This article printed in Oceanus Summer 2025
Estimated reading time: 5 minutes
Monster storms, megadroughts, and dwindling food stocks… It can feel daunting to prepare for the challenges of a warmer, more unstable climate. But the planet has indeed experienced tumultuous times before, and the ocean has been there to record it all.
At WHOI, paleo-scientists have developed new ways of probing the sea for ancient data that could help humanity better prepare for future changes. Some researchers sample deep layers in the seafloor, peering beneath rugs of sand and silt to find fossilized layers that archive changes from the world above. Others use computer simulations to reverse engineer the oceanographic conditions that preceded historic natural disasters and periods of bountiful sea life. With one eye on the past, these paleo-ocean experts are comparing today’s shifting climate to other epochs in the geologic record. Together, their work provides a clearer roadmap of the challenges that lie ahead and the ocean’s ever-evolving influence on Earth’s climate.

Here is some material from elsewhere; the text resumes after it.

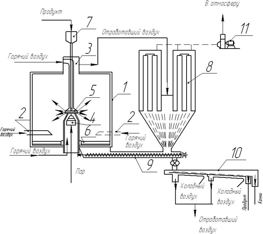 1 – сушильная цилиндрическая башня; 2 – тангенционный ввод; 3 – верхнее перекрытие; 4 – паровая турбина; 5 – распылительный диск; 6 – уборочный вращающийся механизм; 7 – напорный бачок; 8 – рукавный фильтр; 9 – шнек; 10 – сито; 11 – вентилятор

The following scientists remind us that of the many gifts the ocean bestows on humanity, perhaps the greatest is its capacity to remember.

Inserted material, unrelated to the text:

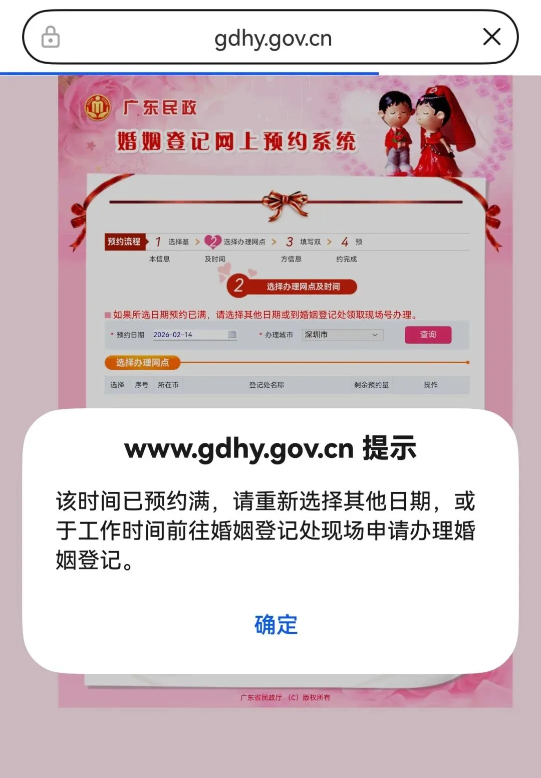 截至目前,经查询预约系统发现,2月14日当天,深圳各区婚姻登记处线上名额已全部约满。前一天2月13日的名额还有不少。

Down the (blue) rabbit hole
Higher-intensity hurricanes appear to be on the rise, yet we know very little about how the risk is evolving for coastal communities as storm patterns change. This can make it difficult for local and state officials to know where and how to brace their communities before a strong hurricane reaches them. Fortunately, WHOI geologist Jeff Donnelly is working to close this knowledge gap.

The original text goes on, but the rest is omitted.